Тут и там в донных ямах с водой видимо-невидимо скопилось рыбы. Страстным рыбаком Размахай никогда не был, но тут проснулся в нем ловецкий азарт, который не унять. Он присел на корточки, опустил руки в ледяную воду и гладил лениво шевелящихся щук, заглядывал в тусклые глаза налимов и язей, переваливал с боку на бок горбатых от матерости лещей; целое месиво плотвы овсяными хлопьями шевелилось у него под ладонями…
Рыбы теперь были дружны меж собой, и щука уже не гоняла окуней, и окуни не гоняли уклеек, и жерех не покушался на красноперку – они совместно пережидали выпавшие им на долю невзгоды. Потом, едва лишь прихлынет большая вода, вспомнят они старые порядки, когда одни догоняют, а другие спасаются, – а пока мирно плескались в исходящих паром ямах, жадно хватая верховую воду.
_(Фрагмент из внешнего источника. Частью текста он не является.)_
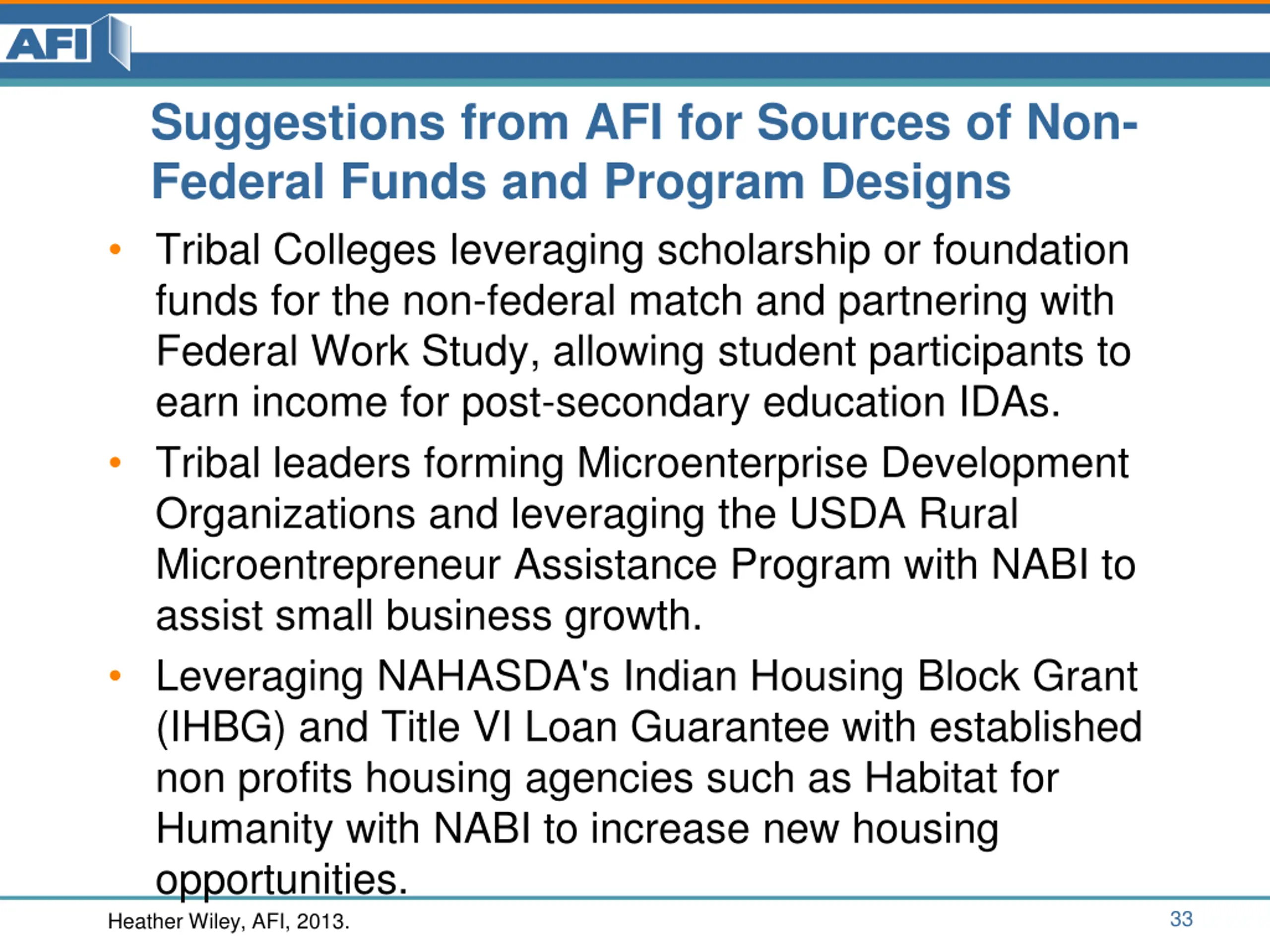 Suggestions from AFI for Sources of Non- Federal Funds and Program Designs Tribal Colleges leveraging scholarship or foundation funds for the non-federal match and partnering with Federal Work Study, allowing student participants to earn income for post-secondary education IDAs. Tribal leaders forming Microenterprise Development Organizations and leveraging the USDA Rural Microentrepreneur Assistance Program with NABI to assist small business growth. Leveraging NAHASDA's Indian Housing Block Grant (IHBG) and Title VI Loan Guarantee with established non profits housing agencies such as Habitat for Humanity with NABI to increase new housing opportunities. Heather Wiley, AFI, 2013. 33

Семён ходил от ямы к яме, играл с рыбой, приговаривая: «Ишь ты! Ишь она…» – и не мог устоять перед искушением: выбирал себе сома. Непременно сома и чтоб самого большого. Огромную эту рыбину он перехватил по жабрам поясным ремнём и, перекинув ремённую лямку через плечо, выволок на крутой обрыв и через пролом во льду – на берег; она лежала потом у него дома на полу, как бревно, и медленно засыпала.
В Размахаевом доме начался пир на много дней.
Рыбой пахла горячая печь, рыбный дух пропитывал кирпичи ее, толкал заслонку, наполнял все углы, пробивался в сени и на чердак. Изба сытно посапывала, довольная своим хозяином.
А Семён посиживал у окна, посматривал на заснеженное озеро, доставал из чугуна куски пахучей, ароматной сомятины, вкушая, держал почтительно обеими руками.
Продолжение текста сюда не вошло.